Task brief: Find the lines of the records in which the word "with" appears and report how many there are, as a number alone.

___ Records for this exercise ___

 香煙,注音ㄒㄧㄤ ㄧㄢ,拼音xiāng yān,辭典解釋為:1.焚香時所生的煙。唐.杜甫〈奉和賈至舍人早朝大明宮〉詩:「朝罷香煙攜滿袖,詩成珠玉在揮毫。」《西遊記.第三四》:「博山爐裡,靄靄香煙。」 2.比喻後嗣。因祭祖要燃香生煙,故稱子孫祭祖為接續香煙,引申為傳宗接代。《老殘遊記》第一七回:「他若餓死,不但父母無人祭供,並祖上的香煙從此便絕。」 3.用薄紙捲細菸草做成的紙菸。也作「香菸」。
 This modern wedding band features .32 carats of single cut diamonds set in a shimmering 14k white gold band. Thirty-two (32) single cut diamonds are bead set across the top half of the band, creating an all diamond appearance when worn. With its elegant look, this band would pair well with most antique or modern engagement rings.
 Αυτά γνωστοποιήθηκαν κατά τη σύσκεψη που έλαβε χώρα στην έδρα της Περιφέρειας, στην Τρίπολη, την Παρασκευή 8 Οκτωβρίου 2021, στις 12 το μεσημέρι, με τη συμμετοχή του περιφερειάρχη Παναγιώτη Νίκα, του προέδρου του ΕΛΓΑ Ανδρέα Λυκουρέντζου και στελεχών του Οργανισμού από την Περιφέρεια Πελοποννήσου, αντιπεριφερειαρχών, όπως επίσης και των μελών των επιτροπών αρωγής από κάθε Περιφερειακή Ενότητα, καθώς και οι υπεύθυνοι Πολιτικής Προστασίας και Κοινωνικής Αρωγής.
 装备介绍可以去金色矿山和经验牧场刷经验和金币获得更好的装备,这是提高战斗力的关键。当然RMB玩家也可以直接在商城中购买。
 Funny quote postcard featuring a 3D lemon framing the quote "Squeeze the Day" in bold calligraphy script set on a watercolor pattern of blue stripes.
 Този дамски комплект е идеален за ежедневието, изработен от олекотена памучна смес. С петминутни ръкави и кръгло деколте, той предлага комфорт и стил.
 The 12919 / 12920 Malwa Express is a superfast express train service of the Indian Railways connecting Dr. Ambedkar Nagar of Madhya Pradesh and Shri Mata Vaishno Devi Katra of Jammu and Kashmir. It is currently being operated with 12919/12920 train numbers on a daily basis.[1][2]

___
___ Records for this exercise ___

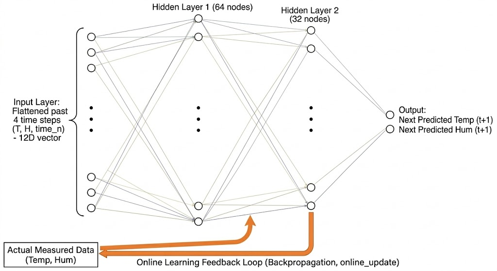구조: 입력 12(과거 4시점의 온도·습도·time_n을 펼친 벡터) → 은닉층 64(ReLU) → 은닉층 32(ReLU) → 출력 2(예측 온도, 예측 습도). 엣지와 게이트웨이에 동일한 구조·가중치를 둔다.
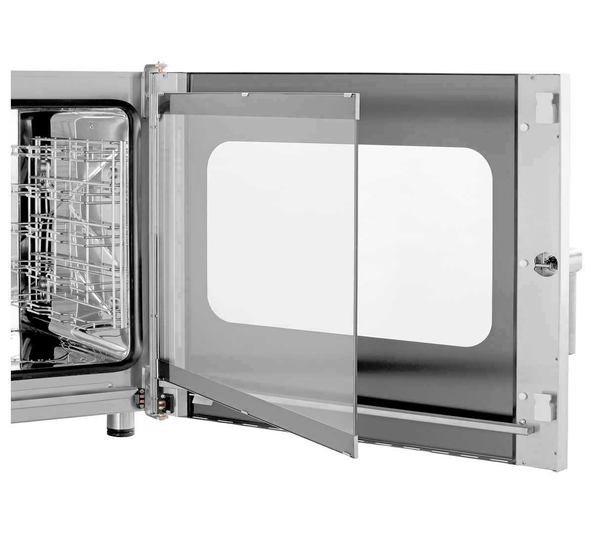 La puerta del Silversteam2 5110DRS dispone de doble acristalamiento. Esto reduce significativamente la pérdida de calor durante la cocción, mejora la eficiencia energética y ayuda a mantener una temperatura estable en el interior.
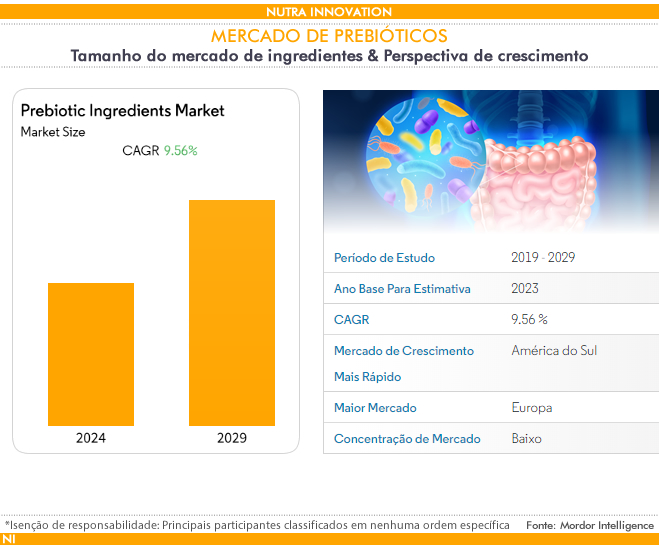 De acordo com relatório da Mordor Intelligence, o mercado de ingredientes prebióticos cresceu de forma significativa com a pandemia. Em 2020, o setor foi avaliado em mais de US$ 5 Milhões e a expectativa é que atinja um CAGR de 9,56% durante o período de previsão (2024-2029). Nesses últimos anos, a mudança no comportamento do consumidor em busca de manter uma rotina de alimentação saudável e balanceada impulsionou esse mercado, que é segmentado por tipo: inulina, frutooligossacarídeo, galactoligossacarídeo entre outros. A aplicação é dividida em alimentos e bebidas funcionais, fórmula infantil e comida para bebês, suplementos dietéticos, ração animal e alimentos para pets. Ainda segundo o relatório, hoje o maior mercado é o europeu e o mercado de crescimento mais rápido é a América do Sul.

___

Answer: 2